Here's the thing, I suck at being a pen pal.  I'm the girl who will gladly take down your address at the end of summer camp and then never write you a single letter.  I'll intend to. Oh, I'll intend the crap out of that, but I have zero follow through.  I always feel bad about it at some point.  Not bad enough to write an actual letter, of course, but mostly I figure all I've missed are some stupid chain letters.  Does anyone else remember those?  Send this letter to 10 people or you'll be alone forever.....wait a minute...okay...sort of putting it all together, this whole me still being single thing.  Dammit!

So here's how the online pen pal situation goes down.  The boy starts the messaging conversation (that is, the few who actually will start a conversation in a non-creepy way).  I participate if I deem them worthy, having the same "get to know you" conversation I've been having with all the other guys.  If it's going well, the conversation will find a groove and it will start to feel more like a real conversation and less like a CIA interrogation.  Mostly, the conversations don't feel as natural as I'd like, but I'm usually satisfied enough by their reading comprehension and basic writing skills to continue talking.

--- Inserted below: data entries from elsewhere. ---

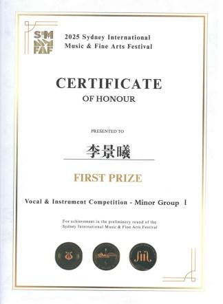 2025年11月,李景曦在东莞市举行的悉尼国际音乐艺术节广东选拔赛比赛中,荣获少儿A组“一等奖”。
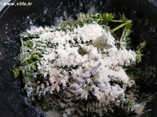 들깨 송이에 물기 있는 상태에 튀김 가루 넣어 골고루 묻혀
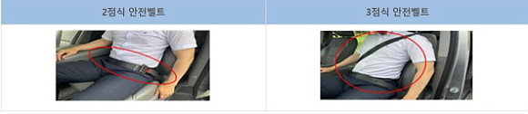2점식 안전벨트는 벨트 양 끝이 시트에 고정된 형태다. 3점식 안전벨트는 벨트가 시트 3개 지점에 고정된 형태다. 어린이 통학 버스 안전벨트는 어린이 신체 구조에 맞게 조절할 수 있어야 한다고 규정돼 있지만, 일반적인 3점식 안전벨트는 어린이 신체에 맞게 조절할 수 없어 2점식 안전벨트가 설치돼 있는 실정이다.
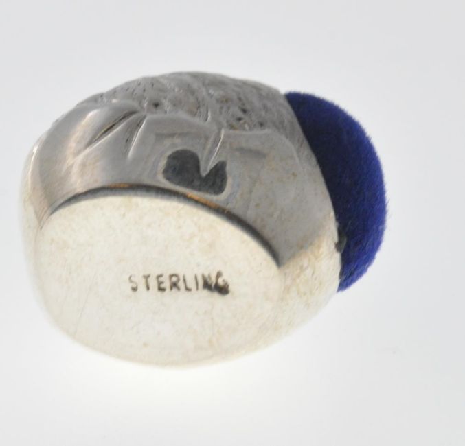 A stamped sterling silver pin cushion in the form of a chick with engraved features, yellow glass eyes and blue felt cushion to the back. Stamped sterling to the base. Measures 23mm tall. Weight 9.3g.

Here's the problem - Most guys never show any signs of stopping the conversation.  Only a brave few will take the initiative to mention meeting in person, and then an even smaller group of those guys might actually follow through with a plan to meet. But at what point do you acknowledge that you've fallen into a pen pal relationship, the dreaded "friend zone" of the digital dating scene? 20 messages?  40?  Do you count by days or weeks?

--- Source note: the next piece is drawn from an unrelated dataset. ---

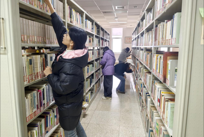 本次活动紧扣学雷锋纪念日契机,创新采用“理论学习+实践服务”双轨并行模式,通过集中观看雷锋同志纪录片、师生携手开展图书整架志愿服务等具体举措,让全体参与人员沉浸式感悟雷锋同志爱岗敬业、无私奉献、助人为乐的崇高品格,接受了一次深刻的思想淬炼和精神洗礼。观影结束后,党员同志带头示范、师生协同联动,分工明确、默契配合,有序开展书架整理、图书归位、书序调整等志愿服务,现场氛围浓厚、秩序井然。大家以躬身实践传承雷锋精神,用实际行动践行初心使命,充分展现了图书馆党员昂扬向上、乐于奉献的良好精神风貌。

I suppose what they're wanting is for me to do all the work.  They want me to start the conversation, give them my number, ask them to call or text, and make a plan to meet up.  That way I can be the rejected one.  Well newsflash, all you little cowards, if I've participated in more than 20 messages, I'll probably agree to meet you, or at the very least, give you my number.  After all, isn't that what we're all on the site to do?  It's not like the guys have to wonder, "gee, she's really pretty; I wonder if she's seeing someone?  Would she think it was weird if I started talking to her?"  No, you moron, I'm on a dating site!!!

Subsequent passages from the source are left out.